Market-Analysis-in-Banking-Domain

DESCRIPTION

Background and Objective:

Your client, a Portuguese banking institution, ran a marketing campaign to convince potential customers to invest in a bank term deposit scheme. The marketing campaigns were based on phone calls. Often, the same customer was contacted more than once through phone, in order to assess if they would want to subscribe to the bank term deposit or not. You have to perform the marketing analysis of the data generated by this campaign.

Domain: Banking (Market Analysis)

Dataset Description

The data fields are as follows:

  1. age numeric
  2. job type of job (categorical: 'admin.','blue-collar','entrepreneur','housemaid','management','retired','self-employed','services','student','technician','unemployed','unknown')
  3. marital marital status (categorical: 'divorced', 'married', 'single', 'unknown'; note: 'divorced' means divorced or widowed)
  4. education (categorical: 'basic.4y','basic.6y','basic.9y','high.school','illiterate','professional.course','university.degree','unknown')
  5. default has credit in default? (categorical: 'no', 'yes', 'unknown')
  6. housing: has housing loan? (categorical: 'no', 'yes', 'unknown')
  7. loan has a personal loan? (categorical: 'no', 'yes', 'unknown')

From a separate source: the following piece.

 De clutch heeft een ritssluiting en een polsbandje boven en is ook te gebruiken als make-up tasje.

related to the last contact of the current campaign:

  1. contact contact communication type (categorical: 'cellular', 'telephone')

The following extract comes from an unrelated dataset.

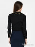 Эффектная блуза с округлым вырезом горловины, оригинальным воротом-рюшей, украшенным пришитой цепочкой с бусинами и длинным рукавом. Манжеты на пуговице, застежка на пуговицы. Рельефные вытачки. Для настоящей леди.
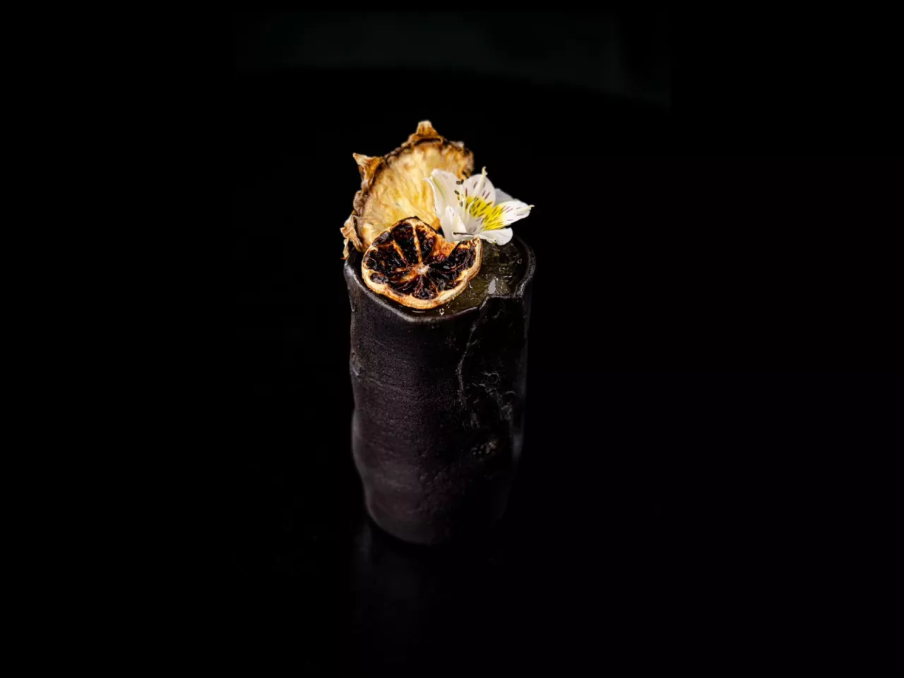 Sedoso y envolvente. Ron blanco, lichi y plátano con sésamo, rosas y un sutil perfume de absenta.

  2. month Month of last contact (categorical: 'jan', 'feb', 'mar', ..., 'nov', 'dec')

  3. day_of_week last contact day of the week (categorical: 'mon','tue','wed','thu','fri')

  4. duration last contact duration, in seconds (numeric). Important note: this attribute highly affects the output target (example, if duration=0 then y='no'). Yet, the duration is not known before a call is performed. Also, after the end of the call “y” is obviously known. Thus, this input should only be included for benchmark purposes and should be discarded if the intention is to have a realistic predictive model.

other attributes:

  1. campaign number of times a customer was contacted during the campaign (numeric, includes last contact)
  2. pdays: number of days passed after the customer was last contacted from a previous campaign (numeric; 999 means customer was not previously contacted)
  3. previous number of times the customer was contacted prior to (or before) this campaign (numeric)
  4. poutcome outcome of the previous marketing campaign (categorical: 'failure', 'nonexistent', 'success')

#Output variable (desired target):

16 y has the customer subscribed a term deposit? (binary: 'yes', 'no') Download the Sample Dataset.

Analysis tasks to be done-:

The data size is huge and the marketing team has asked you to perform the below analysis-

Load data and create a Spark data frame Give marketing success rate (No. of people subscribed / total no. of entries)
Give marketing failure rate Give the maximum, mean, and minimum age of the average targeted customer Check the quality of customers by checking average balance, median balance of customers Check if age matters in marketing subscription for deposit Check if marital status mattered for a subscription to deposit Check if age and marital status together mattered for a subscription to deposit scheme Do feature engineering for the bank and find the right age effect on the campaign.